*** Supplied records Section Begins ***

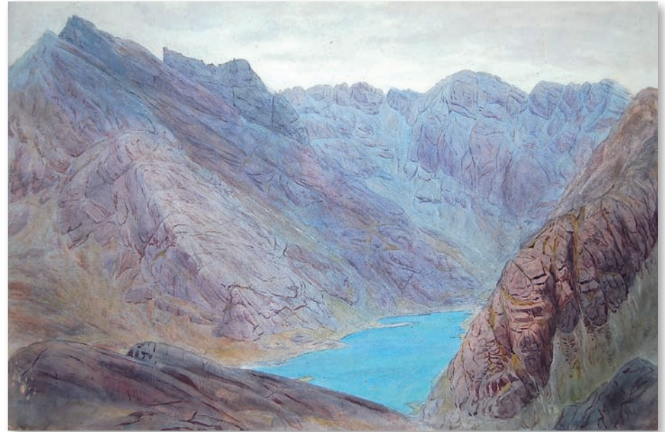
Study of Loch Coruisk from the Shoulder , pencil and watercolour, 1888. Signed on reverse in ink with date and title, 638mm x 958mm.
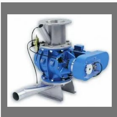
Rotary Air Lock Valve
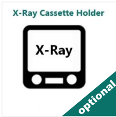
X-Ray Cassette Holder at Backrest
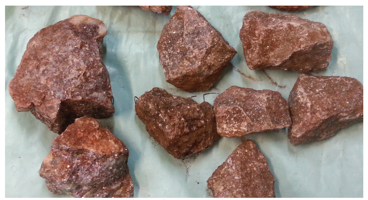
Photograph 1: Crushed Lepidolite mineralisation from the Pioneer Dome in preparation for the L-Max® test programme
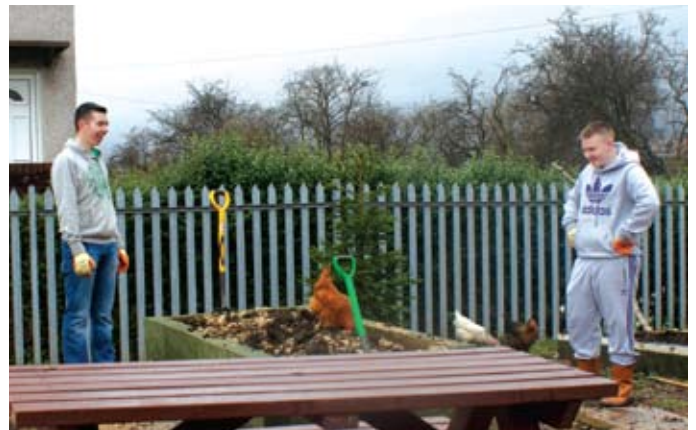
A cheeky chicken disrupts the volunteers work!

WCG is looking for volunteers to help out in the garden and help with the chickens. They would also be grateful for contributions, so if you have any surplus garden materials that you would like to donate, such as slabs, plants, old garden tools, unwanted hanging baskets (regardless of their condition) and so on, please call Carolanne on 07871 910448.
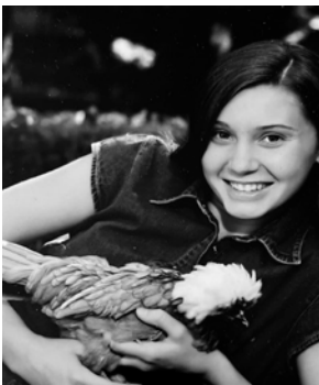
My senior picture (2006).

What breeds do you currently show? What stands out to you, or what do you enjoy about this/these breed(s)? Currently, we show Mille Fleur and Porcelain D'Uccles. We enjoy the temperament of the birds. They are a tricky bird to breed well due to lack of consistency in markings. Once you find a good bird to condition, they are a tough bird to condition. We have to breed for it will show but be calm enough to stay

*** Supplied records Section Ends ***

● To do
A verbatim copy of the records is expected, from their first line through the line with "A cheeky chicken", inclusive, with the pictures removed.

● Answer
Study of Loch Coruisk from the Shoulder , pencil and watercolour, 1888. Signed on reverse in ink with date and title, 638mm x 958mm.
Rotary Air Lock Valve
X-Ray Cassette Holder at Backrest
Photograph 1: Crushed Lepidolite mineralisation from the Pioneer Dome in preparation for the L-Max® test programme
A cheeky chicken disrupts the volunteers work!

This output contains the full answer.